Cultural Cocktail Hour

Backstage at LA Opera: the scene behind the scene….

Backstage at LA Opera:

Sneak Preview of La Bohème

By Leticia Marie Sanchez

All text and photography ©2012

Life Imitates Art, and art imitates life in LA Opera’s upcoming production of La Bohème. In Puccini’s opera about bohemian Paris, the two young lovers, Rodolfo and Mimi, will be played by real life married couple Stephen Costello and Ailyn Pérez.The operatic duo began dating in 2005 after they starred together in a production of, you guessed it, La Bohème. Pérez, a recent winner of the Richard Tucker Award, reflected on the moment when she first saw Costello as the leading man of her heart: “The moon was out, and I saw him, and I thought, I don’t know where he’s been.”

Costello and Pérez met at as students at the Academy of Vocal Arts.Costello emphatically pointed to the music departments at their respective public high schools as boosts to their current success. “We were both products of public school systems. We wouldn’t be in this career if we didn’t have strong music departments in the schools that we went to.” Costello and Pérez treated audiences to a musical interlude as did Janai Brugger, winner of the 2012 Metropolitan Opera National Council Auditions who performed “Musetta’s Waltz.”

While the cast and director gave glimpses of the upcoming onstage magic, Director of Production Rupert Hemmings and Technical Director Jeff Kleeman explained the magic that goes on behind-the-scenes. Four forty-foot trucks had arrived with the Parisian garrets. While we see the stars on stage singing arias, the crew behind the scenes works without fanfare to create vast new worlds.

From the fifty core members of the crew to the dressmakers working at the costume shop to tailor the sumptuous costumes (the Simon Boccanegra gowns, for instance, arrived from London and had to be refitted), it is a team effort that results in majestic details of sight and sound. Sitting in one’s opera seat with a lorgnette or binoculars, one does not even fathom the fast-paced complexities, technological systems, and integration of automation. The seemingly invisible hand is what makes the production seamless.

The curtain falls. The audience applauds.
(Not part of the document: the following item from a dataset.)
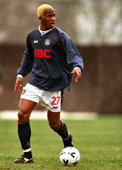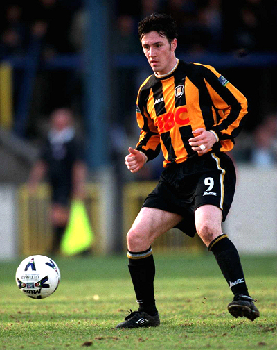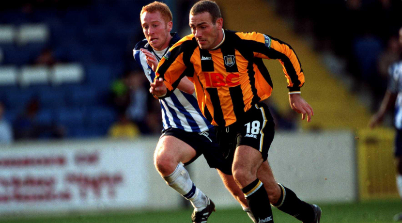 The tiger head club crest used on shirts since the late 70s (though not in 1998/99) had been dispensed with and replaced by an amateurish, unpopular design created by the son of Vice President Stephen Hinchliffe, it appeared on both shirts and shorts encased within a sewn on escutcheon. The black shorts and socks both carried one thin amber line and one thin white line, reflecting the trim of the shirts collar. With the away kit not ready on the first day of the season, City were forced to borrow Exeter’s purple shorts and socks, not the best accompaniment to black and amber.

But what happens to the sets after the production?

The sets are sometimes flown in twenty-foot airfreights, the largest box a 747 can handle, as was the case with the set of LA Opera’s “The Fly.” A police escort chaperoned the “Il Postino” set upon its arrival in Loredo, Mexico. With all of the international demands on the elaborate sets, it is only natural that an unusual situation may arise. Mr. Hemmings alluded to the mysterious disappearance of a costume container in a Rotterdam harbor. What happened to the gowns? Hemmings surmised that some “well-dressed pirates” now roam the Netherlands streets.